§ **EXERCISE OBJECTIVE**:
Among the entries below, retype exactly the lines starting with the one with "男性用 アメリカの米国旗 ワークシャツ" and going on through the one with "店名にも入っている自慢のチャ", but not the pictures.

§ **SOURCE DATA**:
━━━━━━━━━━━━━━━━
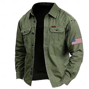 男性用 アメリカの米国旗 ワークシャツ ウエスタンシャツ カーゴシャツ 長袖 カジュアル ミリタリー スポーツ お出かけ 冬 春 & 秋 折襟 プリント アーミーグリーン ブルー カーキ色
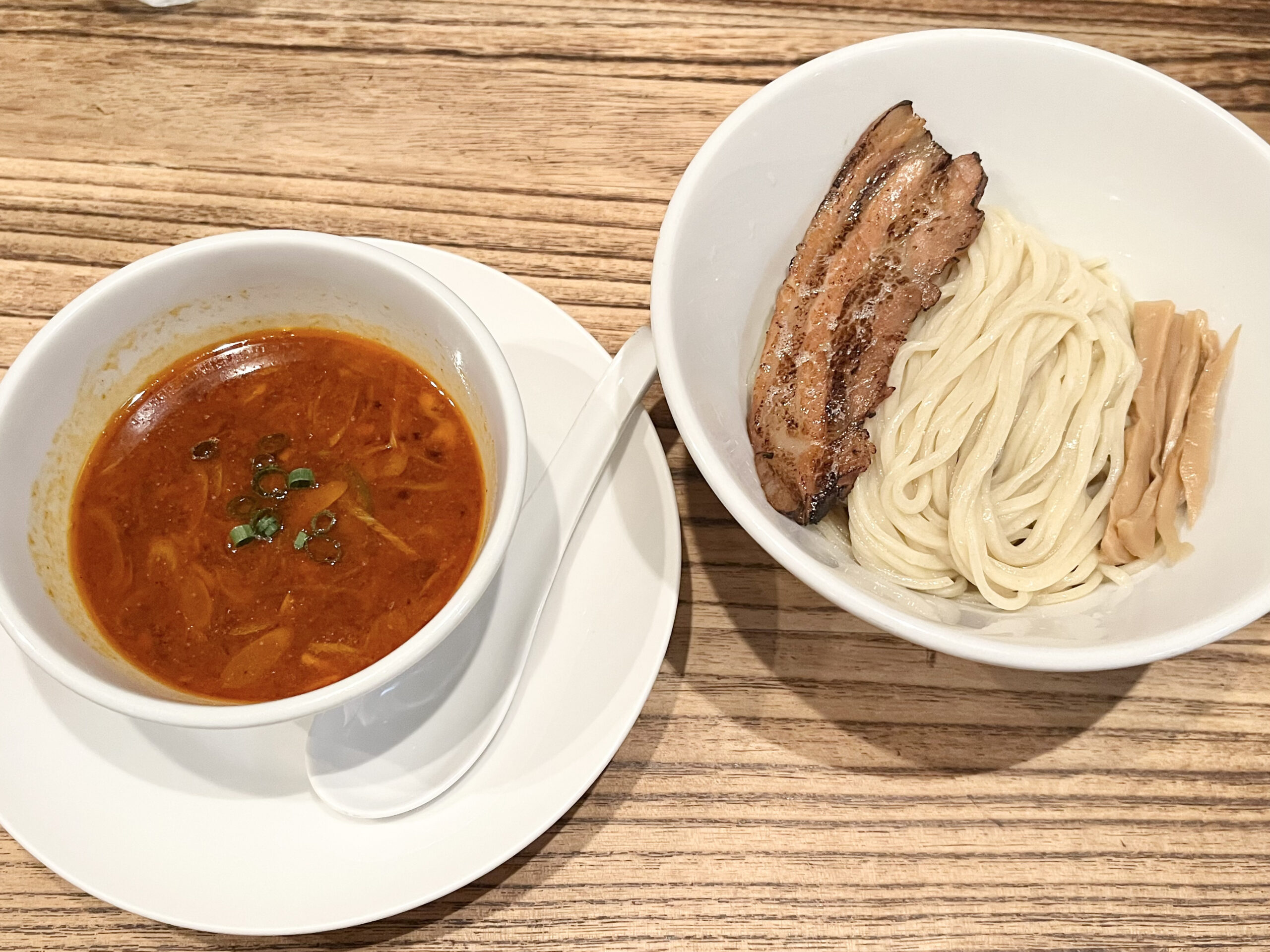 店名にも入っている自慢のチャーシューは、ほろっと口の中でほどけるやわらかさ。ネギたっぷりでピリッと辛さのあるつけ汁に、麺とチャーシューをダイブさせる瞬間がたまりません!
━━━━━━━━━━━━━━━━
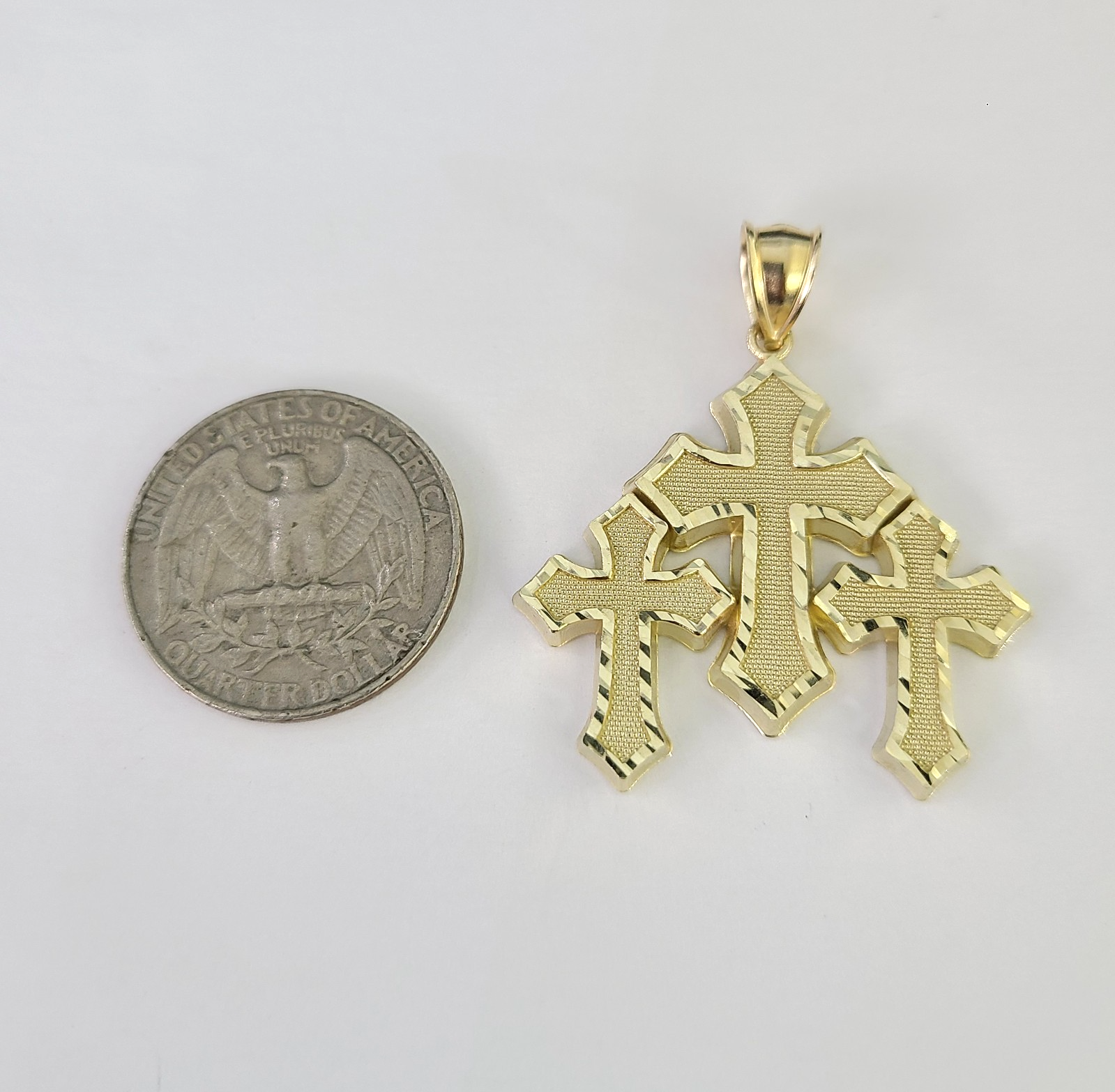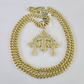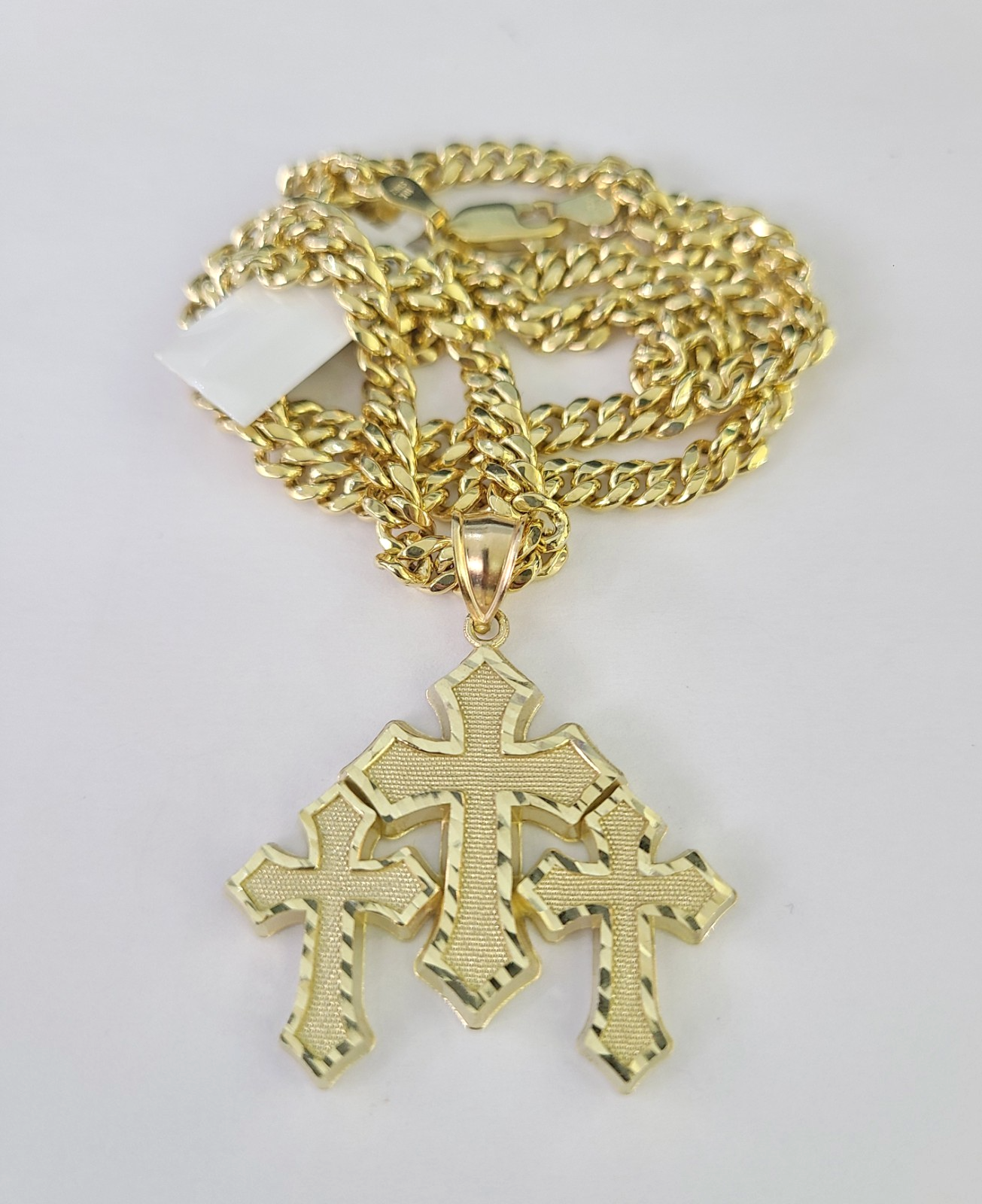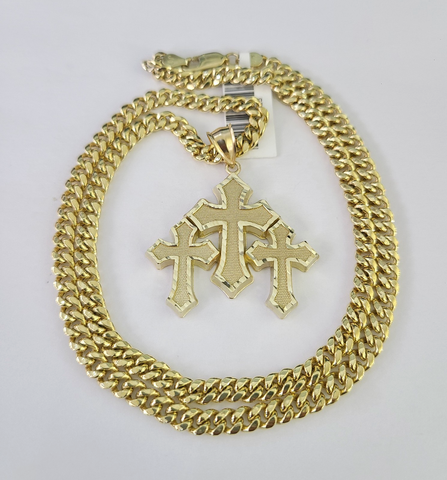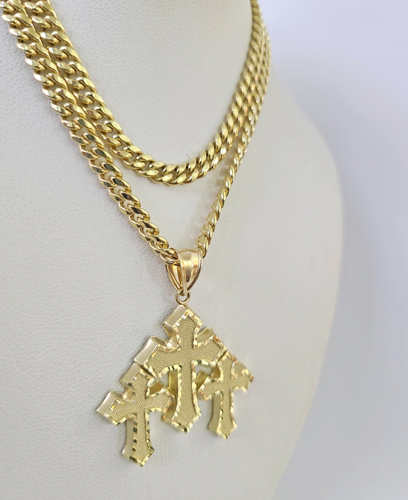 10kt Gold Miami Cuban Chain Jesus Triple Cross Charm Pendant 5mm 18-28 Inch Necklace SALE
━━━━━━━━━━━━━━━━
§ **PROBLEM SOLUTION**:
 男性用 アメリカの米国旗 ワークシャツ ウエスタンシャツ カーゴシャツ 長袖 カジュアル ミリタリー スポーツ お出かけ 冬 春 & 秋 折襟 プリント アーミーグリーン ブルー カーキ色
 店名にも入っている自慢のチャーシューは、ほろっと口の中でほどけるやわらかさ。ネギたっぷりでピリッと辛さのあるつけ汁に、麺とチャーシューをダイブさせる瞬間がたまりません!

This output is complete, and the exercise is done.